Paper No. 9
Presentation Time: 11:15 AM


DAVLANTES, Michael G.1, DEUERLING, K.M.1, MARTIN, Ellen E.2 and MARTIN, Jonathan B.1, (1)Department of Geological Sciences, University of Florida, 241 Williamson Hall, P.O. Box 112120, Gainesville, FL 32611-2120, (2)Geological Sciences, University of Florida, 241 Williamson Hall, P.O. Box 112120, Gainesville, FL 32611-2120,

Navigation and terrain analyses in remote areas such as the Greenlandic arctic are difficult due to the lack of large-scale cartographic products. Existing maps of the Kangerlussuaq area are at scales of 1:100,000, or less, with 25-meter contours. Better detailed maps are needed for watershed delineation, predicting stream locations, and effective spatial distribution of sample sites. Additionally, a basemap is necessary to facilitate the presentation and recognition of spatial trends that may be present in sample data.
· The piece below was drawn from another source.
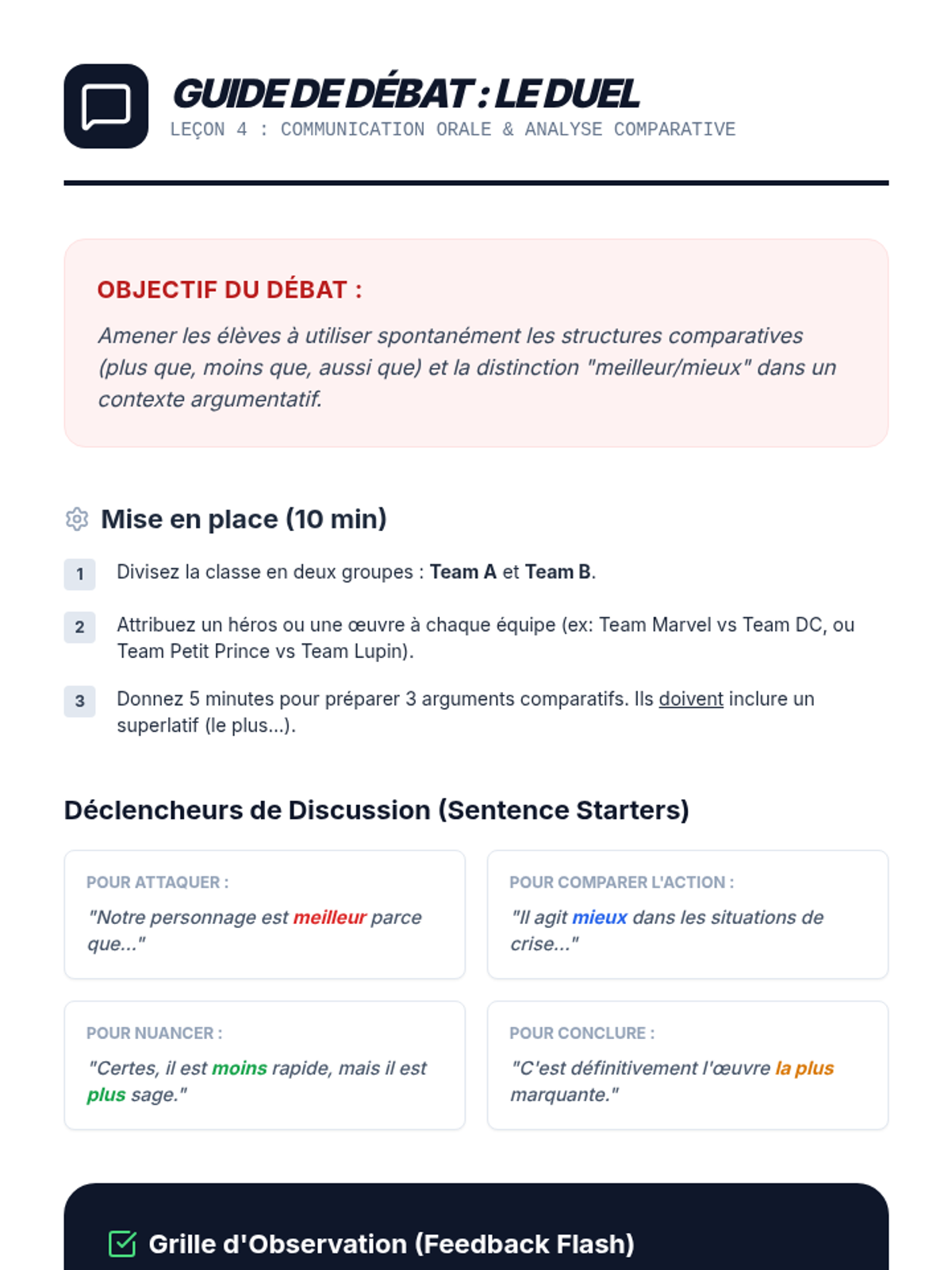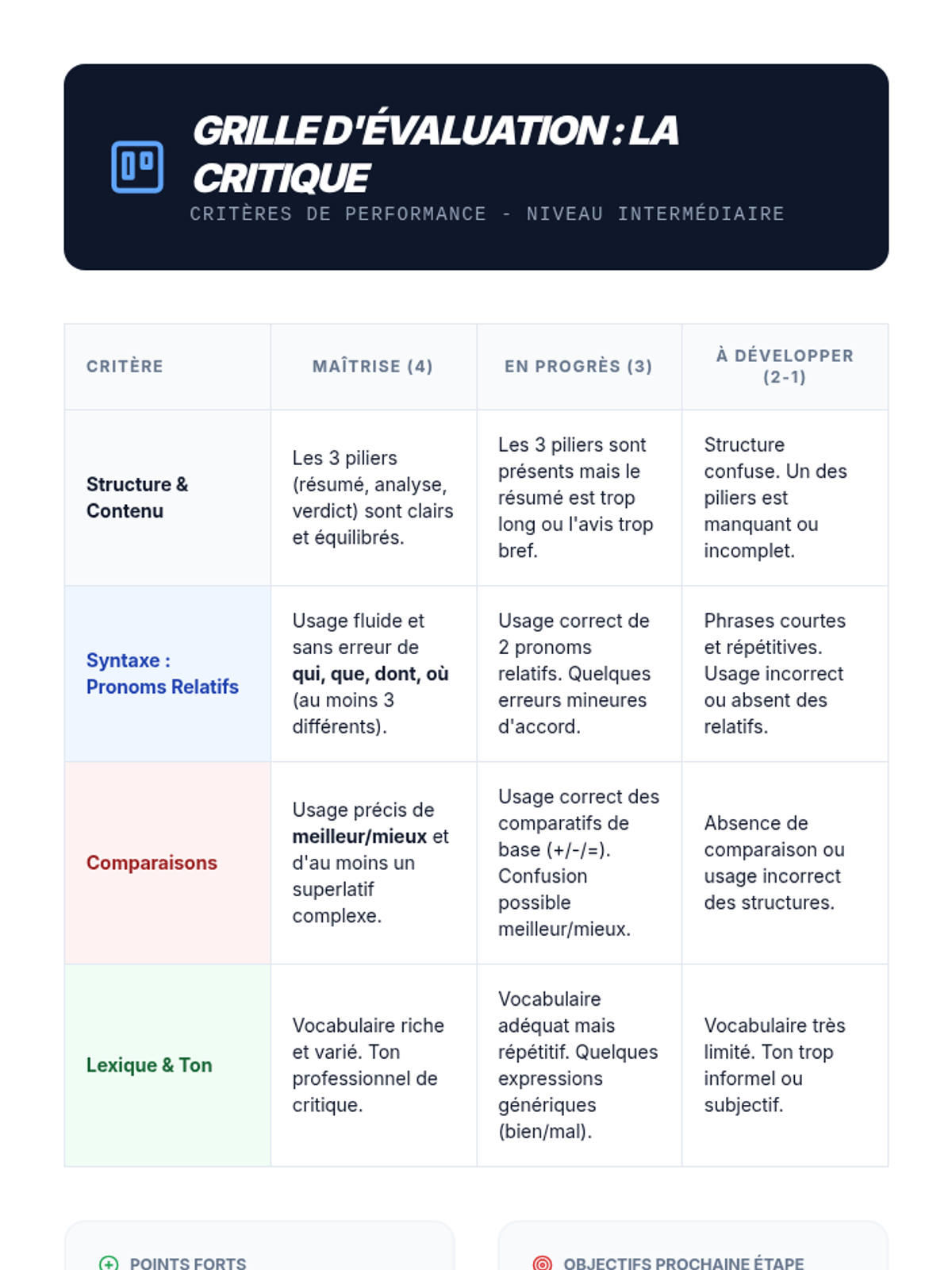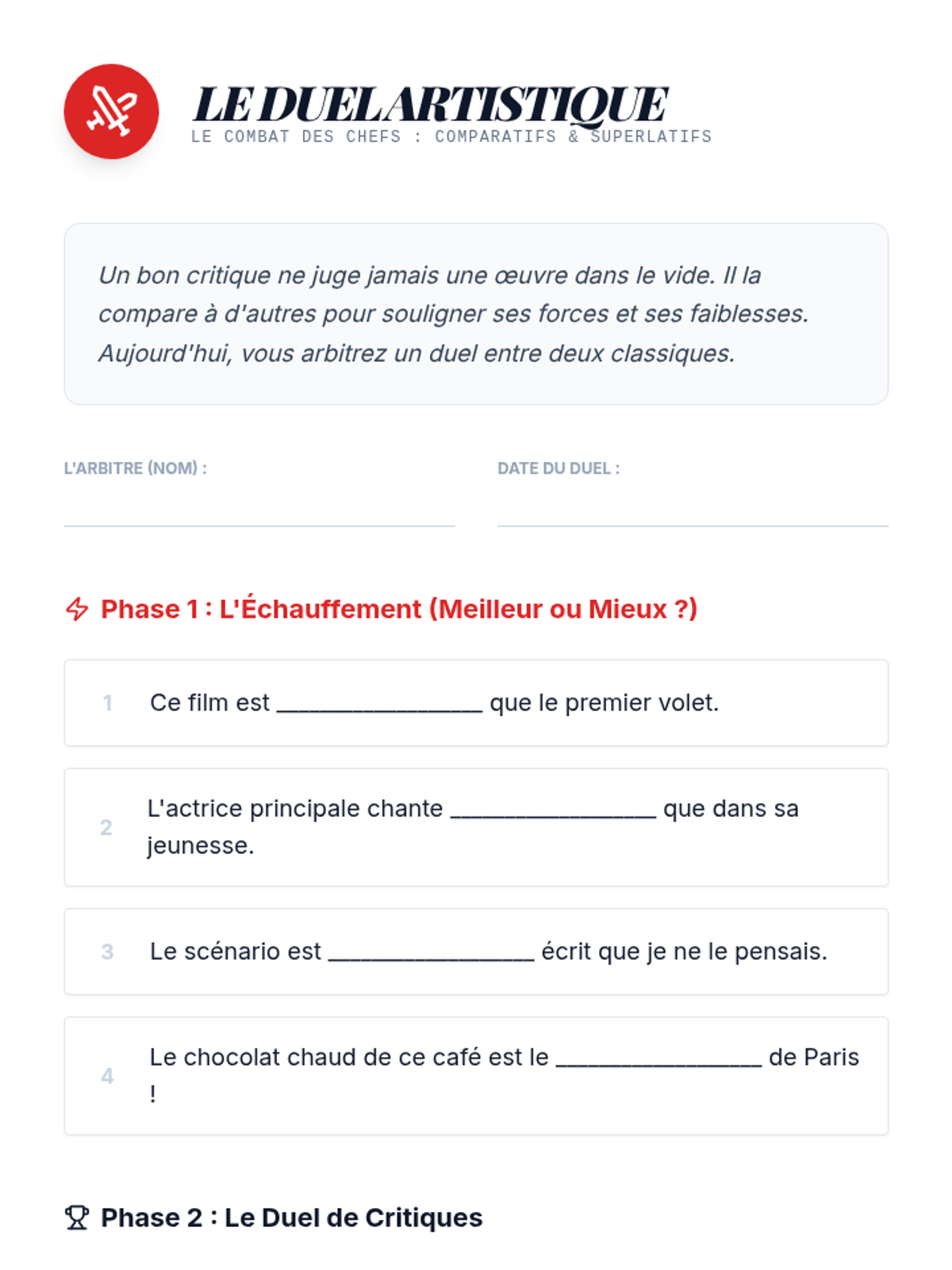 This sequence refines intermediate French students' ability to write sophisticated reviews of cultural products. By mastering relative pronouns (qui, que, dont, où) and comparative structures, students move beyond simple sentence patterns to create mature, professional-style critiques for a school blog or magazine.
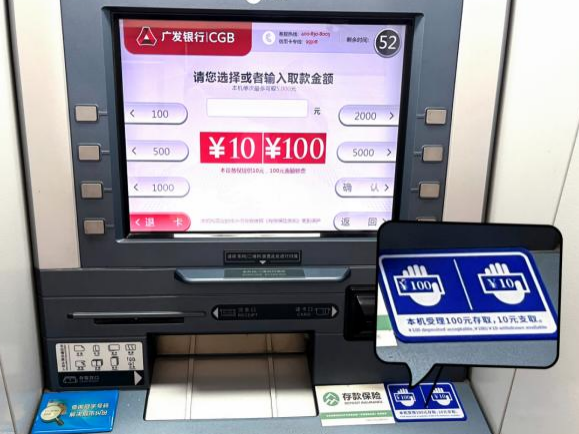 升级改造自助设备,增加零钞取现功能。为完善自助设备小面额取现功能,广发银行郑州分行第一时间组织对部分网点自助设备进行了升级改造。截至5月22日,郑州市、安阳市、新乡市、焦作市可提取10元零钞的自助设备共4台,均已在显著位置张贴相关标识。

Such maps can be created, hydrologically analyzed, and taken to the field for testing using ASTER Global Digital Elevation Models, Landsat 7 satellite imagery, an iPhone, and the ArcGIS 10.0 suite. For work around the Kangerlussuaq region in Greenland, 10-meter contours were interpolated using ArcGIS’s standard functions. Stream locations and relative sizes were modeled using a custom built toolbox and Python scripting. Watersheds were delineated using the included hydrology toolset and classified as either proglacial or deglaciated using Landsat imagery composed to maximize thermal and visual contrast. These newly created maps were loaded into Avenza PDF Maps on an iPhone 5 and used for field data collection, compilation (e.g. location, water sample parameters, sample site photographs) and ground-truthing of predicted hydrology. Maps created contained hydrologic data not commercially available and could be easily tailored for the task at hand. In July 2013, the improved maps were taken to the field for ground-truthing and were used to identify water sampling sites. Watershed delineation proved to be significantly more accurate than predicting stream location, likely due to the seasonal nature of arctic rivers. Potentially flowing watersheds could therefore be identified in advance, greatly streamlining the water sample selection process. Enhanced contour intervals facilitated ease of navigation to selected sample sites. The generated maps lacked local names and reference points, a feature that future cartographic products could certainly benefit from. The iPhone proved to be a powerful field data collection tool as it updated position in real time on the created maps and streamlined digital data entry and publication of georeferenced data tables and photos to Dropbox and Google Earth.